1202 Kayıt Bulundu.
Bize İbrahim b. Musa, ona İsa, ona Zekeriyya, ona Ebu İshak, ona Asım, ona da Hz. Ali'nin (ra) rivayet ettiğine göre Rasulullah (sav) şöyle buyurdu: "Ey ehl-i Kur'an; vitir namazını kılınız, çünkü Allah tektir, dolayısıyla (tek olan) vitri sever."

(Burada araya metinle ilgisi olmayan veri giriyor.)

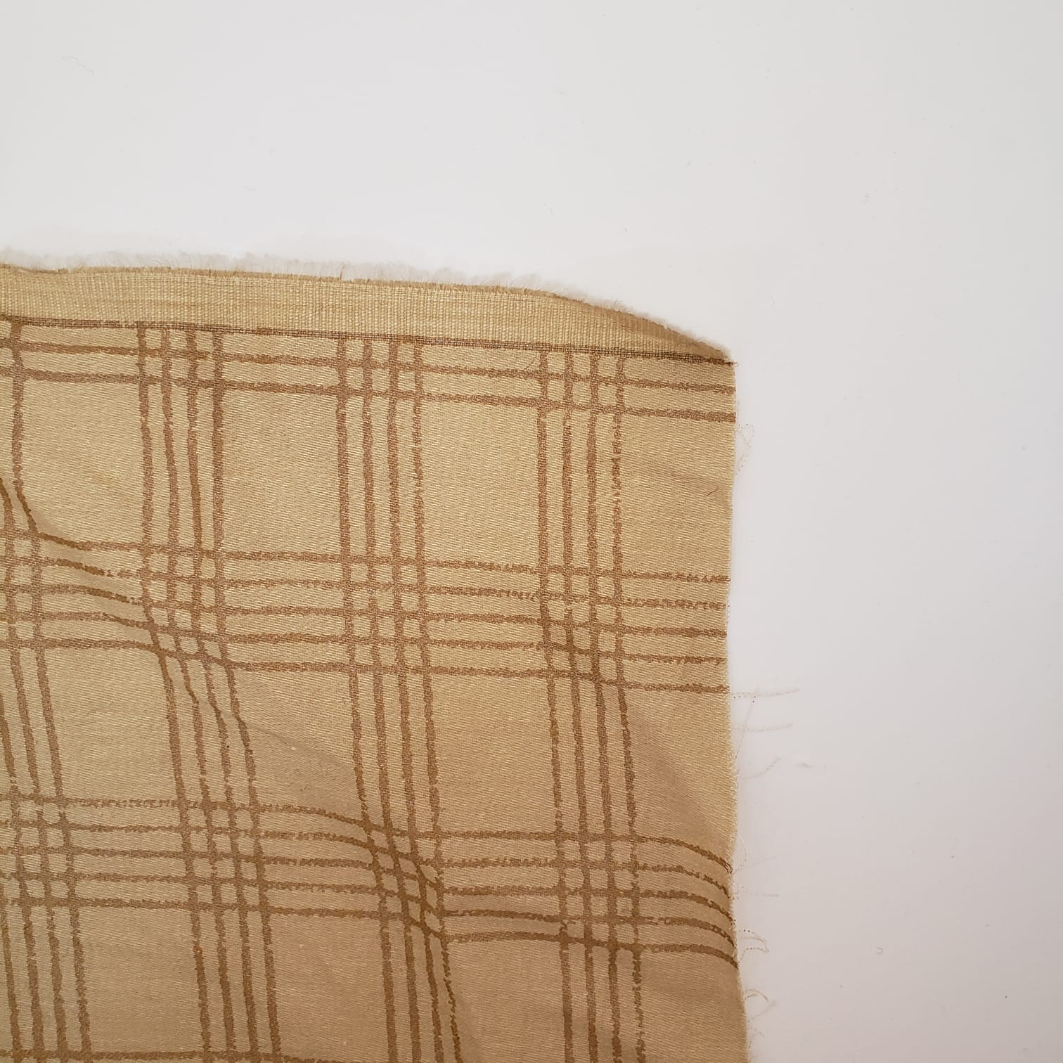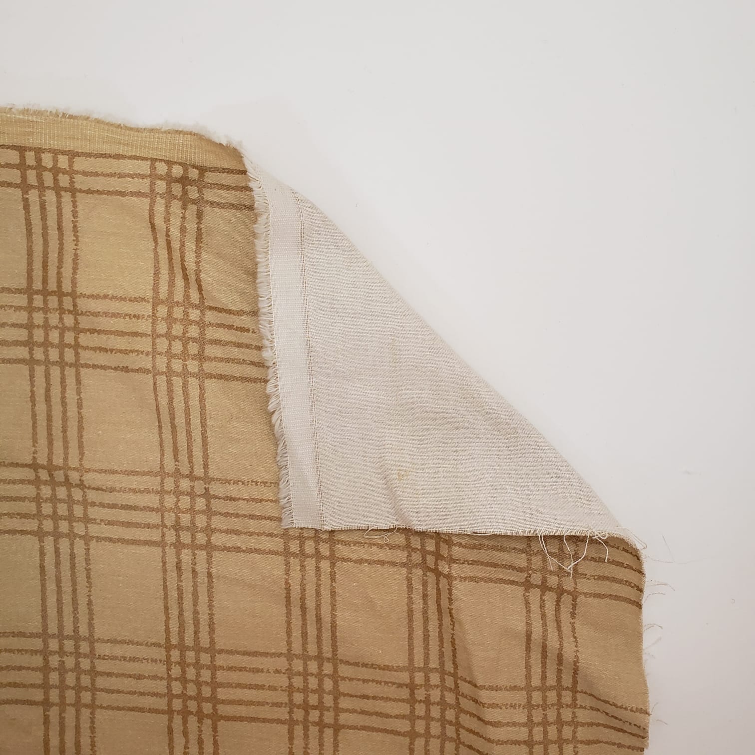 Regular price $5.00 CADThis upholstery woven features a plaid pattern in a beige-yellow hue. It is opaque, soft, medium weight, and has no stretch. *True colour best depicted in 2nd and 3rd photos

Açıklama: Vitir kelimesi, bir, tek anlamına gelir. Vitir namazı da rekât sayısı itibariyle tek olan bir namazdır. Hadisteki “Vitri kılın!” emrini Ebu Hanife, vücûba hamleder. Diğer mezhep imamları ile İmâmeyn ise vitri, sünnetten daha güçlü bir müekked sünnet sayarlar. Kültürümüzde Hadisler projesini ilgilendiren kısım: إِنَّ اللَّهَ وِتْرٌ يُحِبُّ الْوِتْرَ
Bize Osman b. Ebu Şeybe, ona Ebu Hafs el-Ebbâr, ona el-A'meş, ona Amr b. Mürre, ona Ebu Ubeyde, ona da Abdullah, (önceki hadisle) aynı manada bir hadisi Rasulullah'tan (sav) rivayet etmiş ve şu ilaveyi yapmıştır: Bir bedevi (Abdullah b. Mesud'a), bu konuda ne diyorsun? diye sormuş, o da "seninle ve arkadaşlarınla bir ilgisi yok" cevabını vermiş.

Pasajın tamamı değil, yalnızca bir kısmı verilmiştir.